As our state tries to deal with the human health issues caused by high levels of lead in the Flint and other communities drinking water, veterinarians must become conscience about the effect this poison has on pets since they were also exposed.
This months newsletter from Michigan State University College of Veterinary Medicine lists the signs of lead poisoning in pets. Though the article describes diagnostic procedures veterinarians should perform if they suspect a pet has been exposed, I believe some pet owners would be interested to know.
Attached you will find the article. Again, this information was provided by MSU. If there are any questions please don’t hesitate to respond to this blog.

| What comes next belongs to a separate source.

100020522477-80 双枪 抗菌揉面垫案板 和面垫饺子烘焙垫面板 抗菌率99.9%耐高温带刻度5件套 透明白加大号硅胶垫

From the other side of the exam table,
Gloria Williams DVM
” Lead toxicosis in animals has been tied historically to the use of lad in gasoline and paint, lead batteries and other sources of environmental contaminants such as certain mining, smelting or recycling operation practices. Animals most often are exposed to lead through eating,drinking, or licking lead objects or objects containing lead such as lead fishing weights, lead shot, lead toy, and lead batteries. In Michigan, the typical lead toxicity case is cattle that have licked lead-batteries. More recently, concerns have arisen related to pets potentially exposed to lead through the drinking water in Flint.”

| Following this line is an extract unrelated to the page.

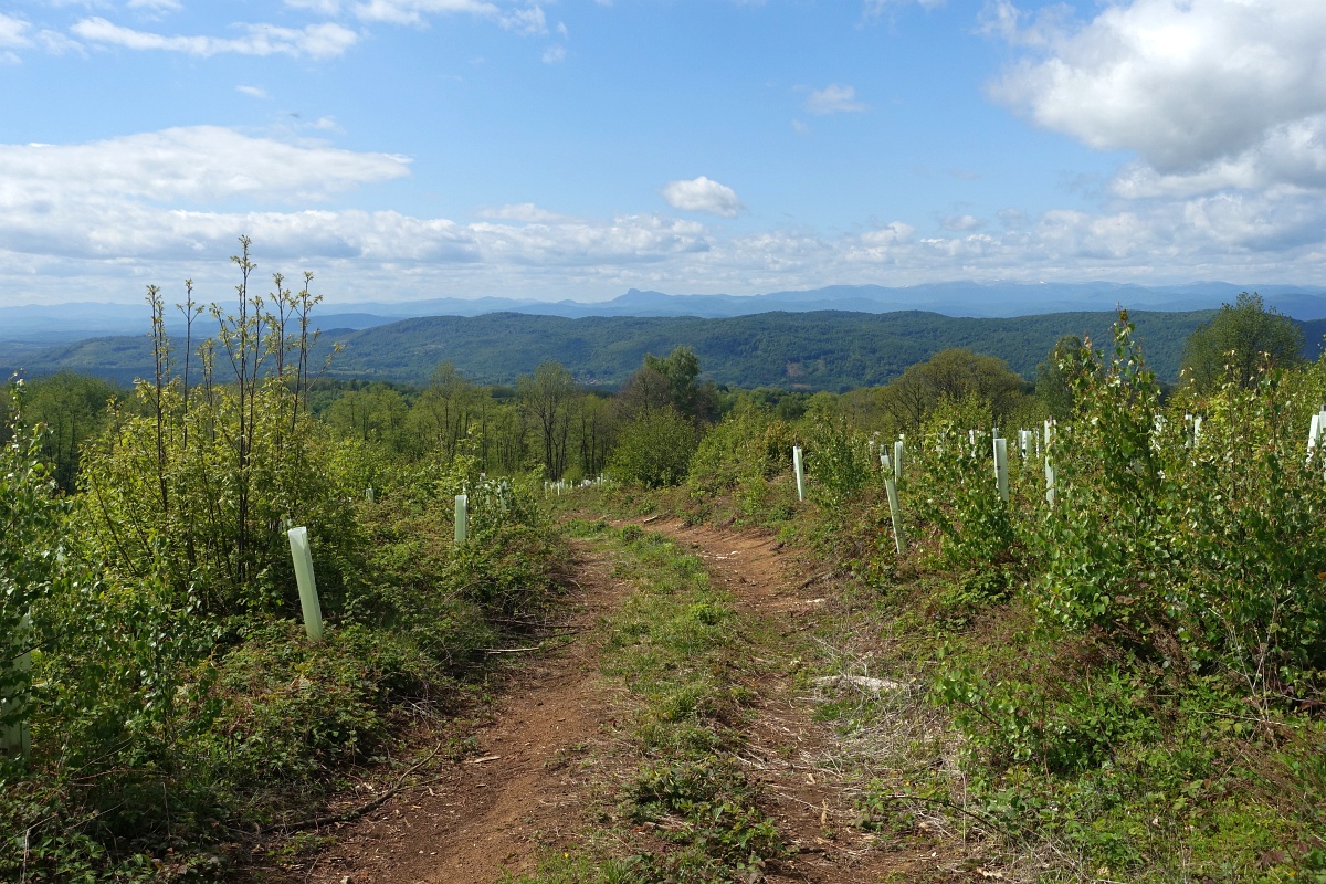 Druga velika poseka, tik pod vršnim temenom Vodenice, ponuja širok razgled. Klek.

“Signs can vary by species, age, diet, physiological status (pregnancy, lactation) and duration and amount of exposure. Signs are typically associated with gastrointestinal (GI) and neurologic system and most commonly include:
Dogs- Vomiting, anorexia, diarrhea, abdominal pain, anxiety, hysterical barking, blindness, convulsions and or aggression. Weight loss may be seen in chronic cases.
Cats – Anorexia, vomiting and or seizures
Diagnostics: Complete details on specimens required, collection protocol, shipping requirements and any necessary additional information, please visit MSU website. ( Blood tests are required)
Provide supportive care, prevent further lead exposure, use chelating agents such as CaEDTA, Succimer, and/or D-Penicillamine.”
(Treatment consist of hospitalization for pets for supportive care as mentioned above.)